Als die Verspätung 2 Tage betrug, habe ich den Verkäufer via Mail kontaktiert und nachgefragt. Ich bekam folgendes retour:



> vielen Dank für Ihre E-mail
> 
> Mir tut das natürlich sehr leid aber ich denke mal das es Aufgrund der Lieferung ins Ausland eine weile dauern könnte.
> 
> ...



Ich fand diese Mail sehr "beruhigend" und "hilfreich". Außerden habe ich mich über die Zolluntersuchungen gewundert. Österreich und Deutschland sind ja in der EU.
Hiweise auf Möglichkeiten, was ich tun kann, falls die Lieferung nicht kommt, fielen völlig.

Ich hatte Glück, am nächsten Tag ist das Paket mit 3 Tage Verspätung angekommen. 
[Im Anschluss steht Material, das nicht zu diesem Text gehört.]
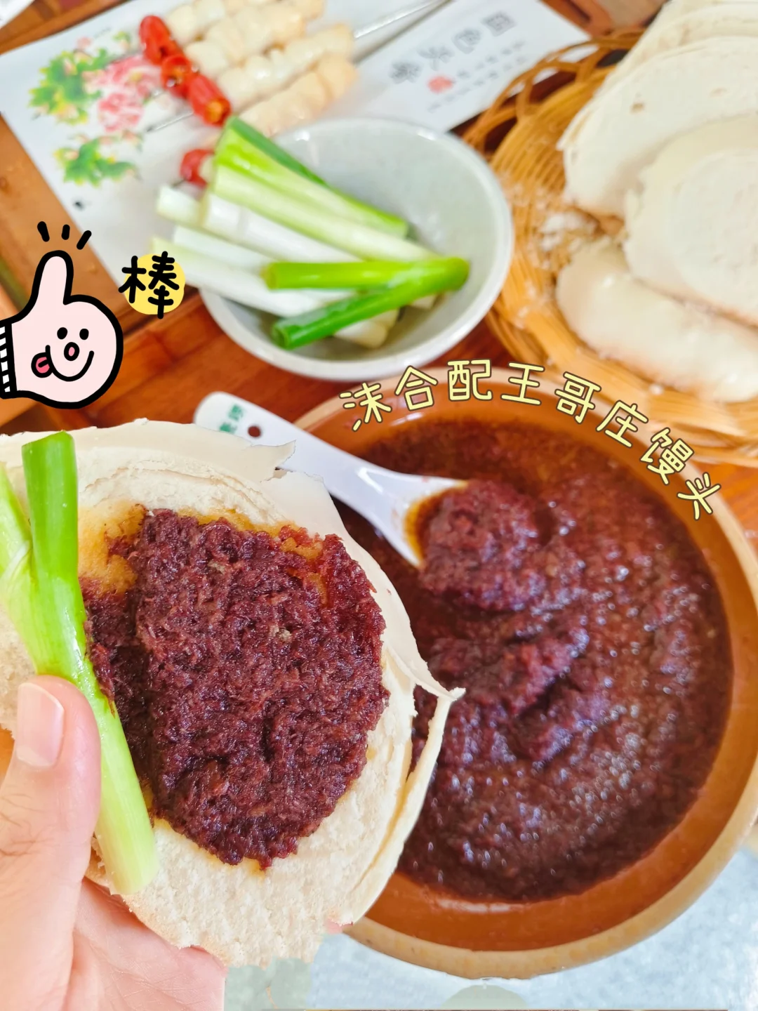 ✔沫合配王哥庄大馒头:青岛人都很认王哥庄的馒头,馒头松软且越嚼越香,配上沫合和小香葱简直太下饭了。

Nach einiger Zeit habe ich den Verkäufer bewertet. Infolge der Probleme negativ.
Wenige Stunden später hatte ich eine Email in meinem Postfach - wo mich der Verkäufer darum bat, die Bewertung zurückzunehmen, sie sei unfair, da die Probleme nicht in seinem Bereich gewesen seien....  
Ich schrieb im zurück, dass ich keine weiteren Kontakte wünsche und war fast schon überzeugt, dass ich überreagiert habe.
Das war gestern.
Und das hatte ich heute abends in meiner Mailbox:



> ...Amazon hat mir nun geraten nochmal Kontak aufzunehmen und bei keiner Lösung, den Fall der Verkäufer-Marketpleace Abteilung zu übergeben. Es ist nämlich möglich auch Käufer zu melden und bei Verstößen vom Kauf auf Amazon und im Markplatz auszuschließen wenn Käufer nicht richtig handeln oder gegen die Regeln verstößen. Und dies ist hier der Fall.
> Da ich sofort geantwortet habe und der Artikel eingetroffen ist das wurde durch ihre E-Mail besätigt habe ich alles richtge gemacht.
> 
> Ich bitte Sie die Bewertung zu löschen da ich den Fall bei nicht Beachtung dann weiterleiten werde.
> ...




Das klingt für mich nach Bewertungserpressung. In der Zwischenzeit habe ich die Bewertung herausgelöscht, da ich meinen Account nicht verlieren wollte.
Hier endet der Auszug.